Strong roots: Jason Read-Jones, of RST Environment Solutions, works on a willow brush wall on Masterton Castlepoint Road.
An ancient technique for shoring up unstable hillsides is being revived with the help of modern technology to save Wairarapa roads from landslides. This winter, willow brush walls have been popping up again around five locations on Masterton Castlepoint Road, thanks to RST Environmental Solutions and the Masterton District Council.
Willow branches arranged in rows make brush walls to keep eroded dirt in place and were commonly found across New Zealand in the 1940s to 1960s, but disappeared as wood and concrete retaining walls became popular. RST Environmental Solutions managing director Robert Coulson said willow brush walls are cost effective and work just as well as other modern methods.
"Basically it's a reinforced earth wall. Firstly the damaged soil is removed, followed by willow branches placed into the land in a way so they cross over. Once in spring, their leaves come out and the branches grow roots which help to keep the land in place.

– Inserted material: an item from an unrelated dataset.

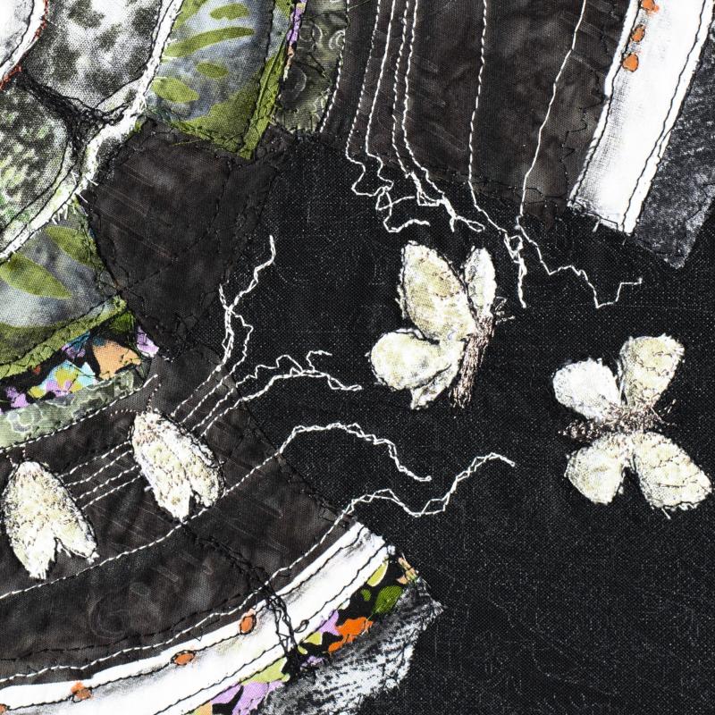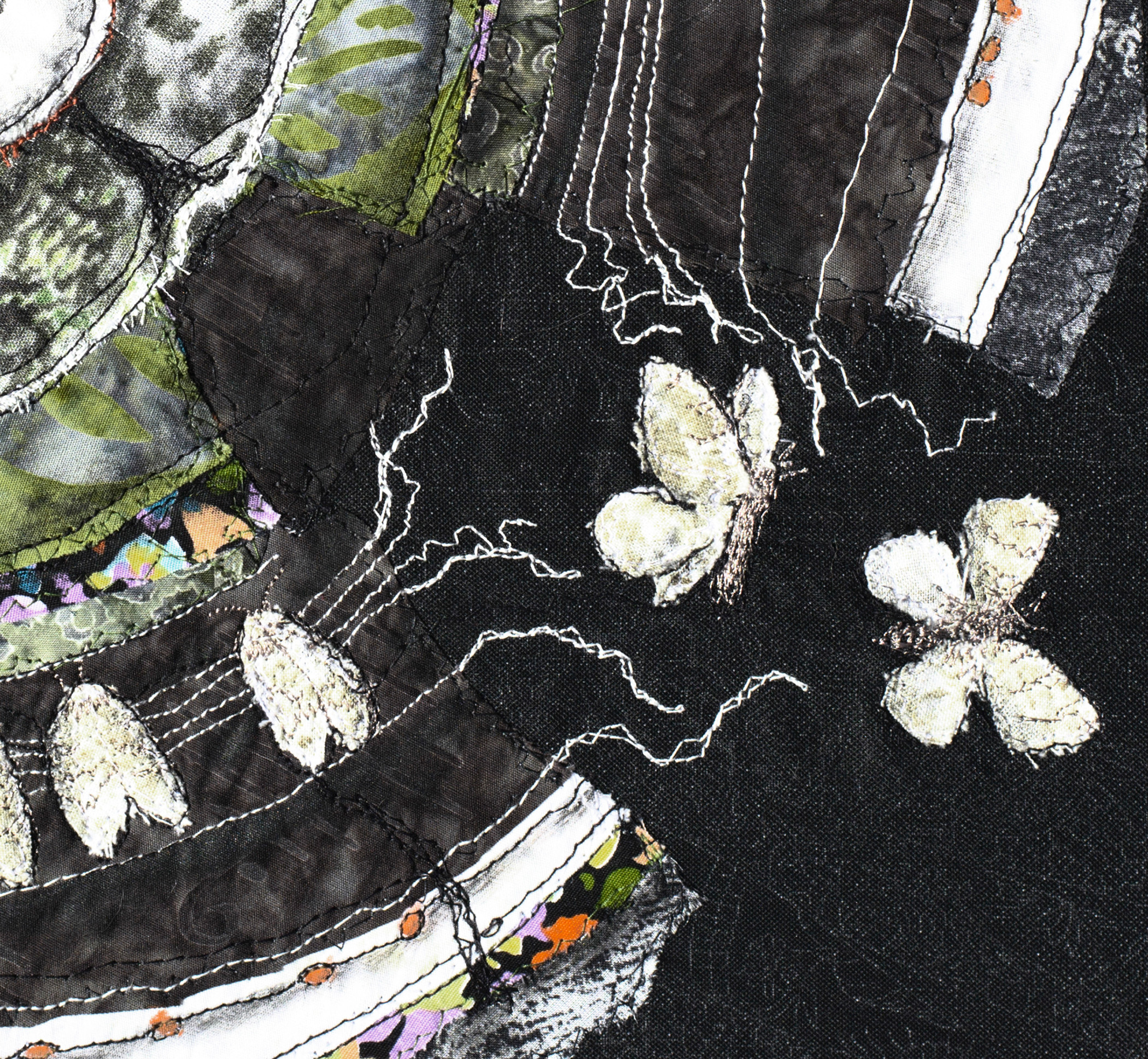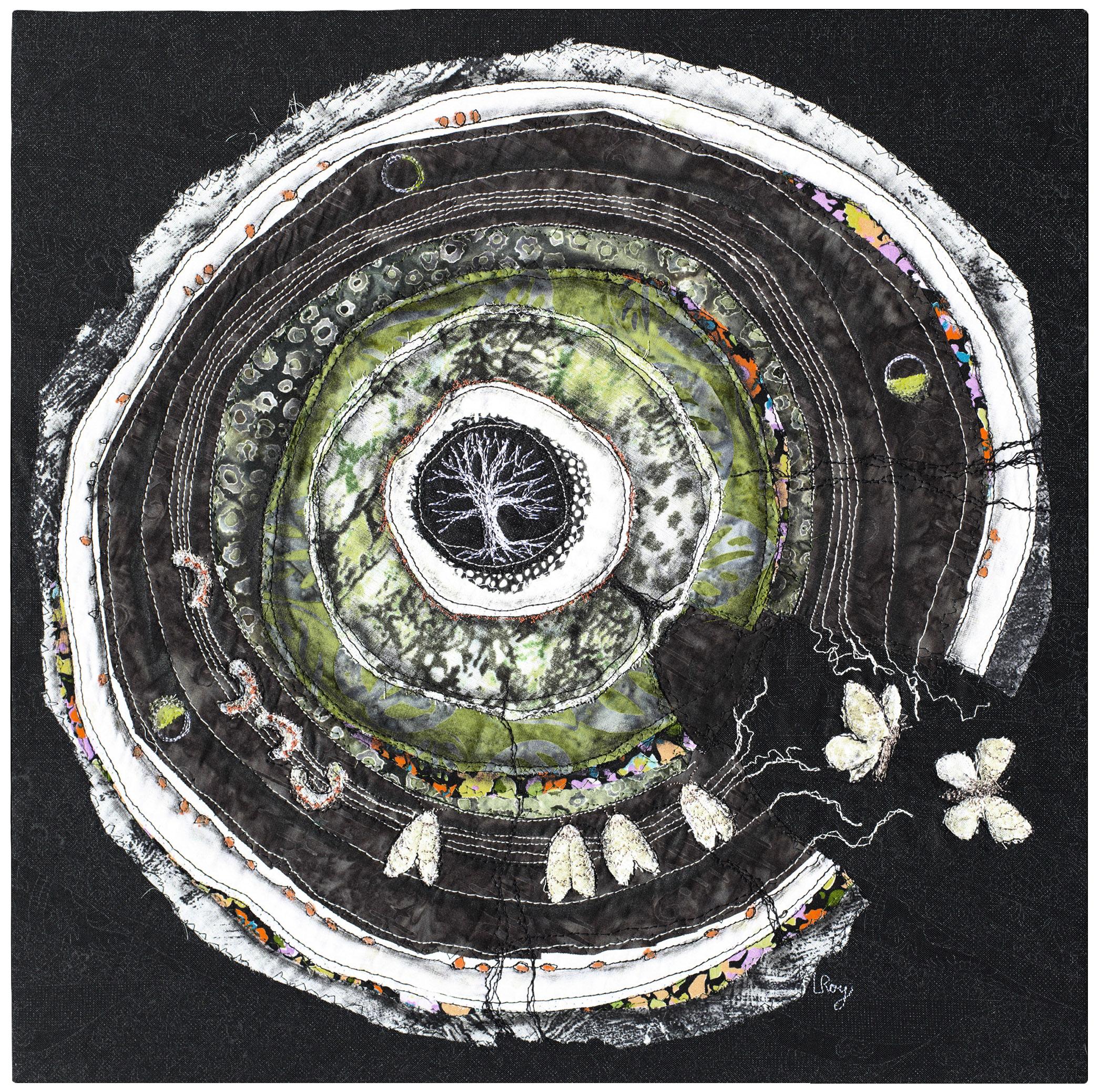 I may be the only one who ever used the humble Spongy Moth as a source of inspiration. Yet this is one important little insect. Ever since its accidental release in 1868 by a French scientist on the Eastern Coast of the US, this intrepid traveler has become responsible for the defoliation of millions of forest trees. In this piece, I wanted to show how trees record insect depredation in their rings... a slower year of growth results in a much narrower ring, and recovery can take a few years.

RST Environmental Solutions use plants and trees grown in their nursery to repair and improve land. They are likely to be the only company in New Zealand making willow brush walls, which they started in 2003, and have adapted the old technique using new technology.
"It looks straightforward but it's not that straightforward to design. There are certain plant arrangements and plant species. We've taken soil bio-engineering courses and use shrub willows to make sure they will not grow too tall."
Masterton District Council Rural Roading Engineer Alec Birch said there were many reasons why the council decided to use willow brush walls.
"It's not only cost-effective, it's easy to maintain, it's not intrusive, and it becomes part of the landscape. It's a more environmentally friendly solution than concrete or metal. We saw it as a good win all-round."
The council plans on putting up more willow brush walls across Wairarapa over the coming years.